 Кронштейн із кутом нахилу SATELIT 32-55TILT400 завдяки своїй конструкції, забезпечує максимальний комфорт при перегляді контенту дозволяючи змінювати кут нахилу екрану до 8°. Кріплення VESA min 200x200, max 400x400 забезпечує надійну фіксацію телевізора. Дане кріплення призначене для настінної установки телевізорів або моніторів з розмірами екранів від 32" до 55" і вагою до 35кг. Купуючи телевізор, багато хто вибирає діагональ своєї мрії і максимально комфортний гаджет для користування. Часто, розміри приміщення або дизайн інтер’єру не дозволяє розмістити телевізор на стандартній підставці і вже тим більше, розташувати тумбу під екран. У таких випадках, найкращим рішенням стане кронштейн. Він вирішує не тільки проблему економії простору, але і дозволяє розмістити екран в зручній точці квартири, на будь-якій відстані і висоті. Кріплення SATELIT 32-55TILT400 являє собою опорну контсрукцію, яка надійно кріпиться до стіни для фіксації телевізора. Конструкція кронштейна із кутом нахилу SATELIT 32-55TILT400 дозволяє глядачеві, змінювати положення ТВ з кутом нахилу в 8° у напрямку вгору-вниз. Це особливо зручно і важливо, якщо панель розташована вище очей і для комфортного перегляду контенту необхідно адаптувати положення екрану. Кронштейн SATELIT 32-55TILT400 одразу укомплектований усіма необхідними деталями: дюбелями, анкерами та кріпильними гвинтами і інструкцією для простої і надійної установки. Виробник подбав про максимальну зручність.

————

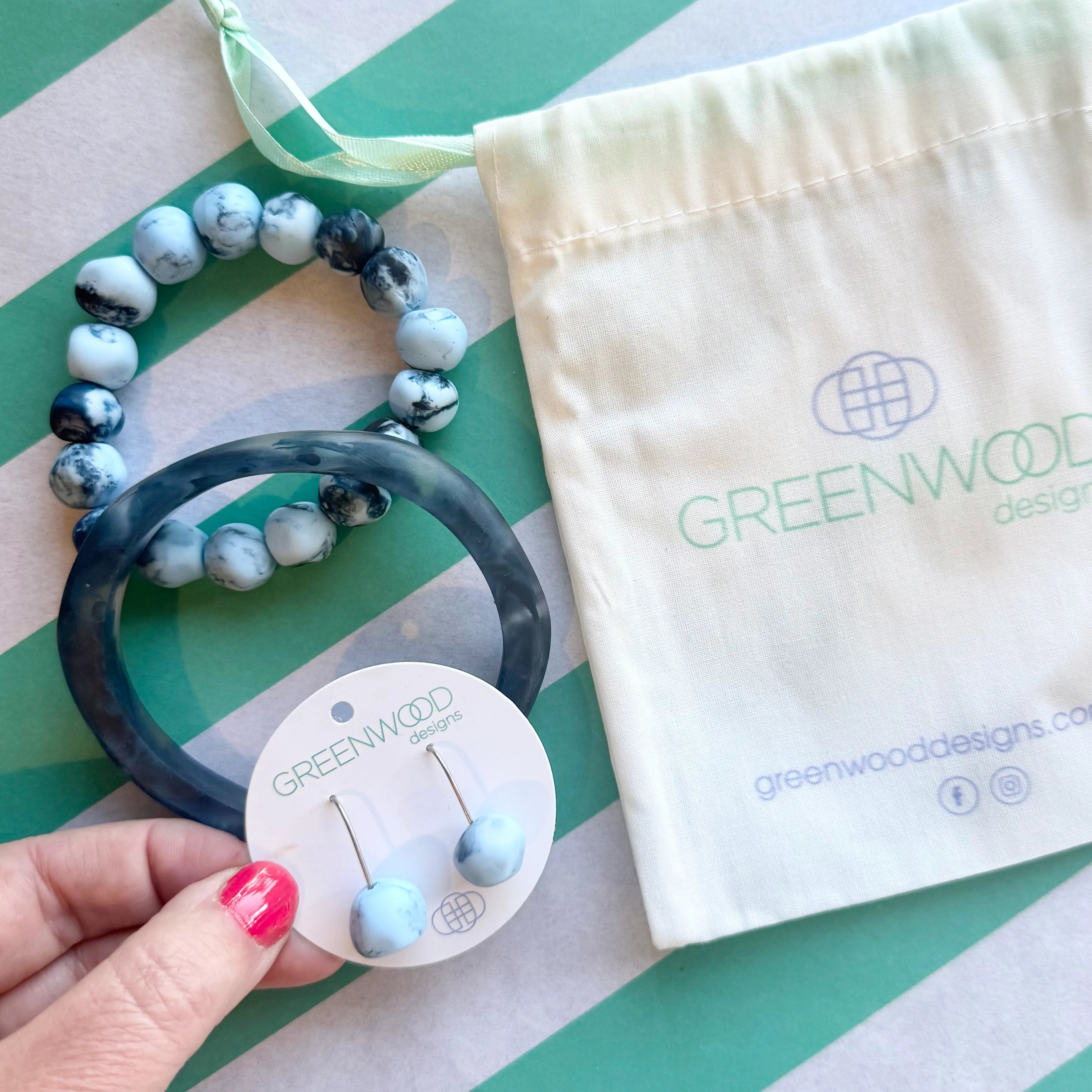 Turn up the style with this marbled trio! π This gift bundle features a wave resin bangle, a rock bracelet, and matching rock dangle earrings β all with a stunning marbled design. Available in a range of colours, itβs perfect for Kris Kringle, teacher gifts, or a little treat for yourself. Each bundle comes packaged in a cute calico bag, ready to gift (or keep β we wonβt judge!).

————

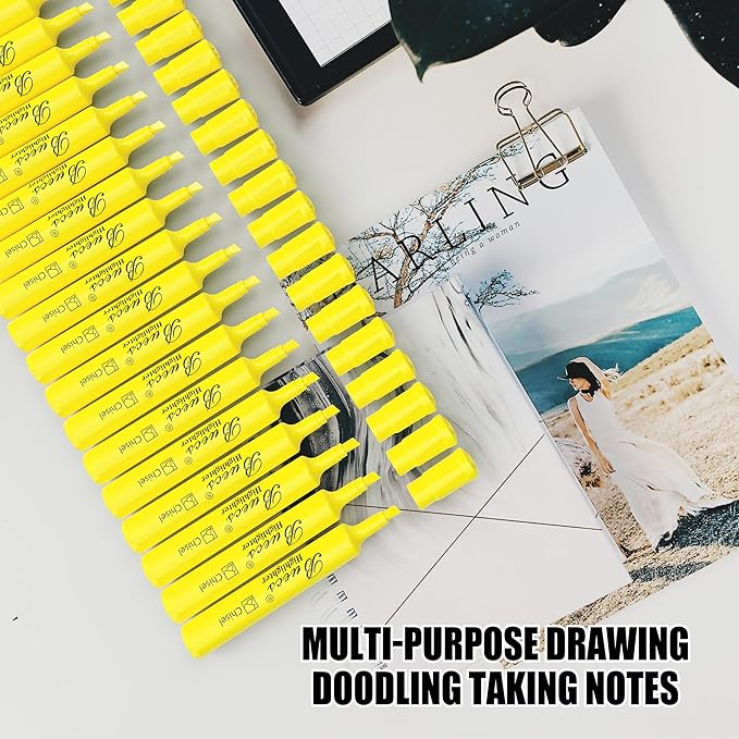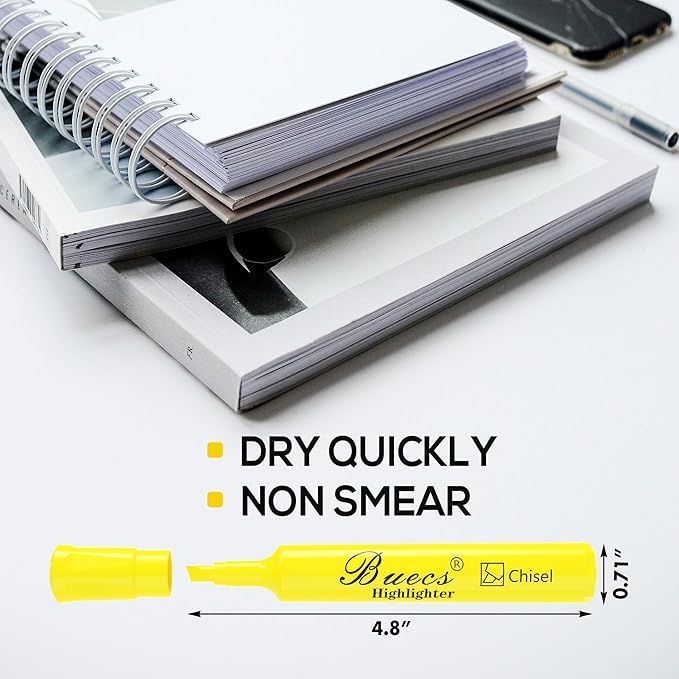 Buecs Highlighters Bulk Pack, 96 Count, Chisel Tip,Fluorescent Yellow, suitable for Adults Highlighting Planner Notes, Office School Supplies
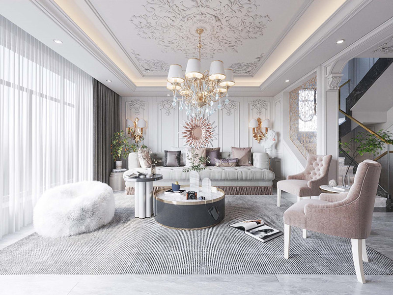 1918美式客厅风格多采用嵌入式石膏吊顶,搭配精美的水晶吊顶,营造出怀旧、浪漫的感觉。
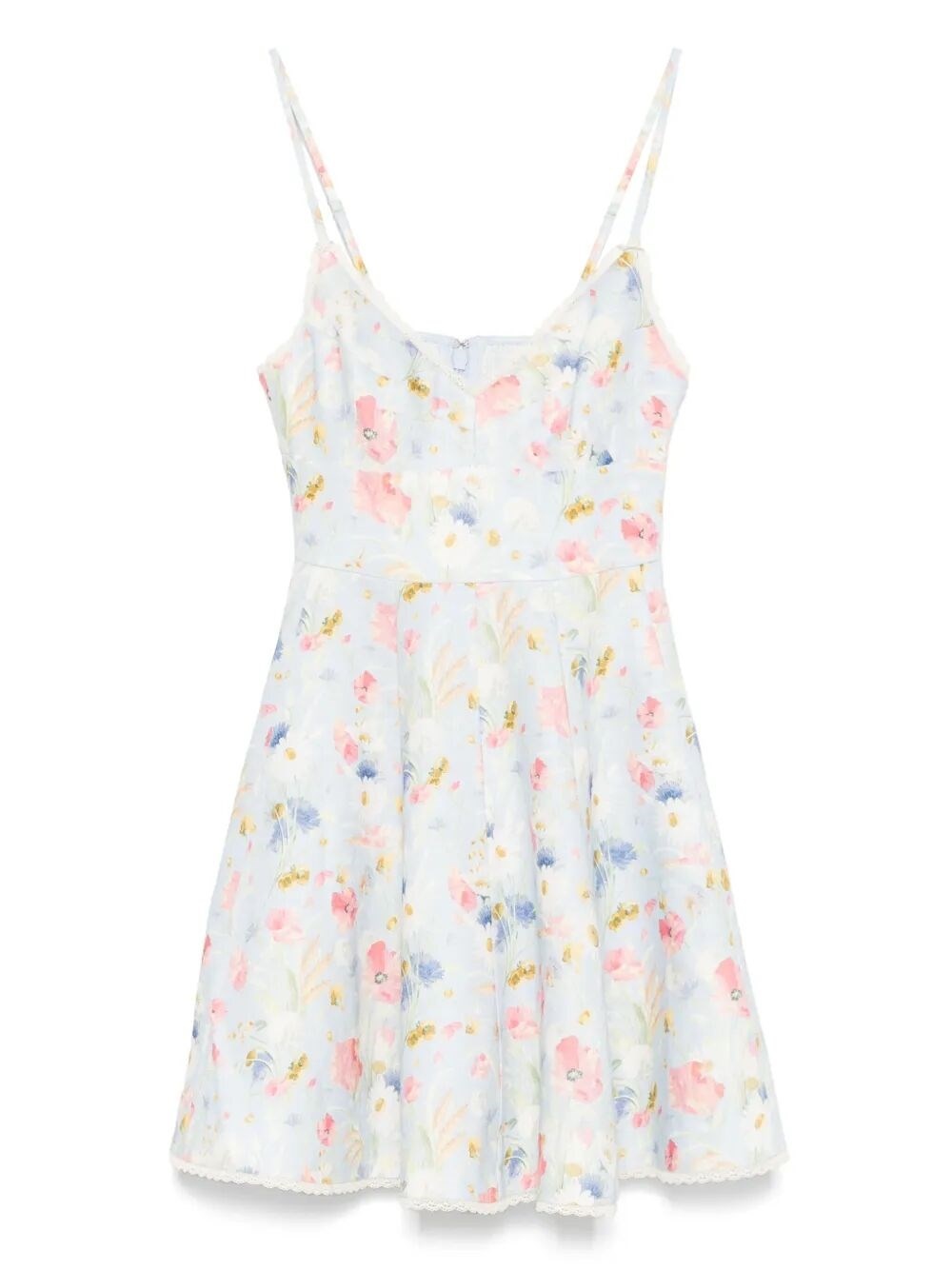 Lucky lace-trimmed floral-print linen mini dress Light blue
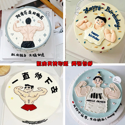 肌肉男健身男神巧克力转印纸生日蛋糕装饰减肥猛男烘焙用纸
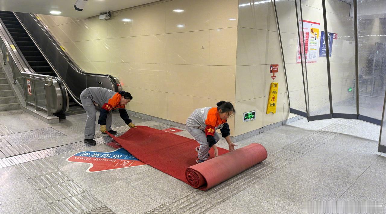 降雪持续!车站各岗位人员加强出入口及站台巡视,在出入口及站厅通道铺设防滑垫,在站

————

WHAT IS EXPECTED:
Everything above from the line that has "1918美式客厅风格多采用嵌" down to the line that has "降雪持续!车站各岗位人员加强" should be output exactly, with both of those lines included. Leave the pictures behind.

EXERCISE SOLUTION:
 1918美式客厅风格多采用嵌入式石膏吊顶,搭配精美的水晶吊顶,营造出怀旧、浪漫的感觉。
 Lucky lace-trimmed floral-print linen mini dress Light blue
 肌肉男健身男神巧克力转印纸生日蛋糕装饰减肥猛男烘焙用纸
 降雪持续!车站各岗位人员加强出入口及站台巡视,在出入口及站厅通道铺设防滑垫,在站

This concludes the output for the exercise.